O chefe do Setor de Hotelaria Hospitalar do HU-UFGD, Glênio Alves de Freitas, explica que a ideia de realizar a campanha surgiu pela verificação de que, em vários setores da instituição, há a segregação inadequada dos resíduos. “Dessa maneira, com a encenação e a música, esperamos atingir um contingente maior de trabalhadores, pois o foco principal da campanha é a capacitação e a orientação dos profissionais”, afirma.
Com ótima aceitação durante as duas passagens de ontem pelos corredores, salas e postos do hospital, a equipe ainda fará outras apresentações hoje, às 14 e às 20 horas. E quem não conseguir assistir ao grupo em nenhuma das ocasiões, poderá ouvir o rap “Jogue o Resíduo da Lixeira Correta” em outros horários, pois será tocada nos alto-falantes do hospital a gravação feita em estúdio. O trabalho teve o apoio da empresa Victor Givago Produções Artísticas.
O grupo que elaborou e realiza a campanha é coordenado pelo Setor de Hotelaria Hospitalar em parceria com a Divisão de Gestão de Pessoas e o apoio da Comissão de Controle de Infecção Hospitalar (CCIH) e da Saúde Ocupacional e Segurança do Trabalho (SOST). As roupas customizadas foram confeccionadas pela equipe de costura do hospital.
Conscientização
Pelos corredores, algumas caras de espanto, que depois se transformaram em sorrisos e palmas, mostraram ter compreendido e apoiado a missão dos colegas. Em alguns setores, principalmente os da área administrativa, muita gente não sabia a referência das cores das lixeiras e hoje aprendeu algo novo.
“Eu sabia que havia lixeiras diferentes, mas não sabia o que cada cor representava. Agora, farei o possível para descartar cada tipo de lixo em seu local correto”, diz a assistente administrativa Camila da Silva Teixeira, que trabalha no Setor Jurídico do HU-UFGD.
Saiba mais sobre as lixeiras hospitalares e suas funções
Por todo o HU-UFGD são encontradas quatro tipos de lixeiras, as quais recebem diferentes tipos de resíduos. É muito importante para o controle de infecções, redução de custos, prevenção de acidentes e preservação do meio ambiente que cada um seja descartado no local adequado.
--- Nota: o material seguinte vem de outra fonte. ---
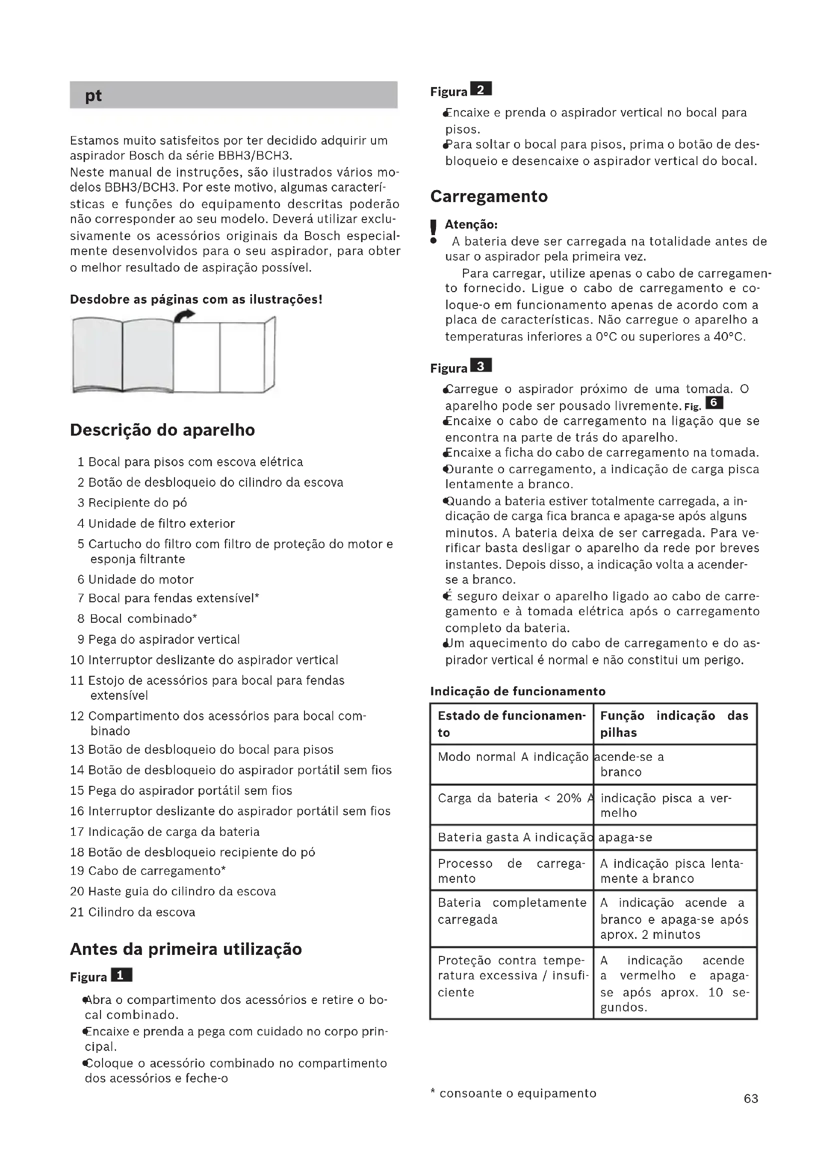 Estamos muito satisfeitos por ter decidido adquirir um aspirador Bosch da série BBH3/BCH3. Neste manual de instruções, são ilustrados vários mo- delos BBH3/BCH3. Por este motivo, algumas caracterí- sticas e funções do equipamento descritas poderão não corresponder ao seu modelo. Deverá utilizar exclu- sivamente os acessórios originais da Bosch especial- mente desenvolvidos para o seu aspirador, para obter o melhor resultado de aspiração possível. Desdobre as páginas com as ilustrações! Descrição do aparelho 1 Bocal para pisos com escova elétrica 2 Botão de desbloqueio do cilindro da escova 3 Recipiente do pó 4 Unidade de filtro exterior 5 Cartucho do filtro com filtro de proteção do motor e esponja filtrante 6 Unidade do motor 7 Bocal para fendas extensível* 8 Bocal combinado* 9 Pega do aspirador vertical 10 Interruptor deslizante do aspirador vertical 11 Estojo de acessórios para bocal para fendas extensível 12 Compartimento dos acessórios para bocal com- binado 13 Botão de desbloqueio do bocal para pisos 14 Botão de desbloqueio do aspirador portátil sem fios 15 Pega do aspirador portátil sem fios 16 Interruptor deslizante do aspirador portátil sem fios 17 Indicação de carga da bateria 18 Botão de desbloqueio recipiente do pó 19 Cabo de carregamento* 20 Haste guia do cilindro da escova 21 Cilindro da escova Antes da primeira utilização Figura

LIXEIRA BRANCA: MATERIAL INFECTANTE – BIOLÓGICO
Qualquer material sujo de sangue ou outra secreção. Seringas sem agulhas com material biológico, drenos, sondas e frascos de drenagens e sondagem, órgãos, tecido adiposo, linhas arteriais (equipo), gaze, chumaço, recipientes, filtro de gazes e demais materiais resultantes do processo de assistência à saúde.
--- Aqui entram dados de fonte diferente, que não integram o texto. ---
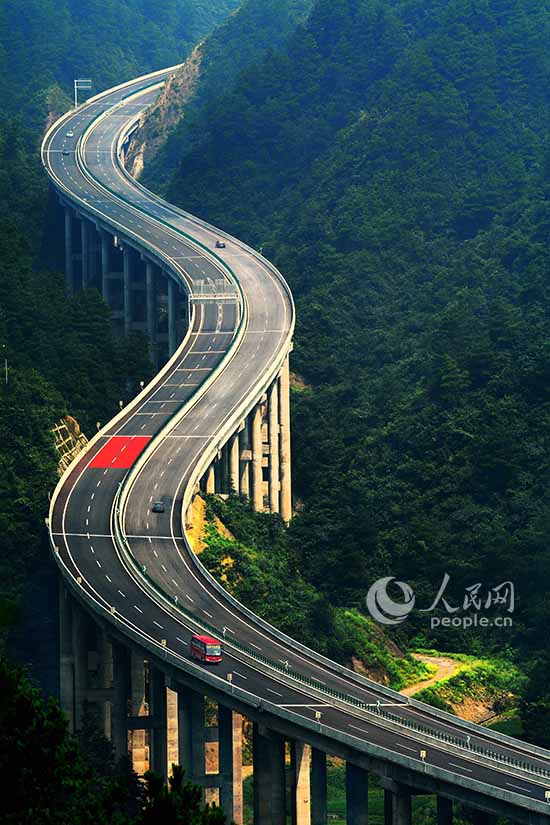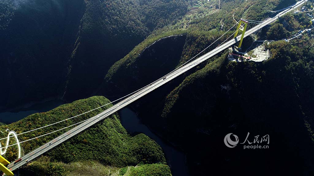 湖北巴东四渡河特大桥。桥面至谷底560米。雷声 摄

CAIXA AMARELA: MATERIAL PERFURO-CORTANTE – INFECTANTE BIOLÓGICO
Materiais como fio guia, cateteres rígidos, agulhas, agulhas de sutura, ampolas de vidro, tubos capilares, pontas diamantadas, brocas, lâminas de barbear e de bisturi, seringas acopladas com agulhas, escalpes, vidros quebrados, espátula, ponta do equipo e qualquer utensílio de vidro quebrado.
LIXEIRA AZUL: MATERIAL RECICLÁVEL/LIMPO
Itens como papel grau-cirúrgico, frascos de soro vazio (exceto quimioterápicos), parte do papel de celulose, embalagens plásticas, invólucros de seringas, caixa de luvas, papel crepado, partes não adesivas das etiquetas, copos sem sujidade e outros tipos de papel, caixa de medicamentos e garrafas pets.
LIXEIRA PRETA: MATERIAL COMUM
Peças descartáveis de vestuário, máscaras, propés, toucas, ataduras limpas, aventais, campo cirúrgico descartável (sem secreções), algodão utilizado em assepsias de punção venosa, seringas sem agulha, fralda descartável, absorventes, papel carbono e embalagens metalizadas.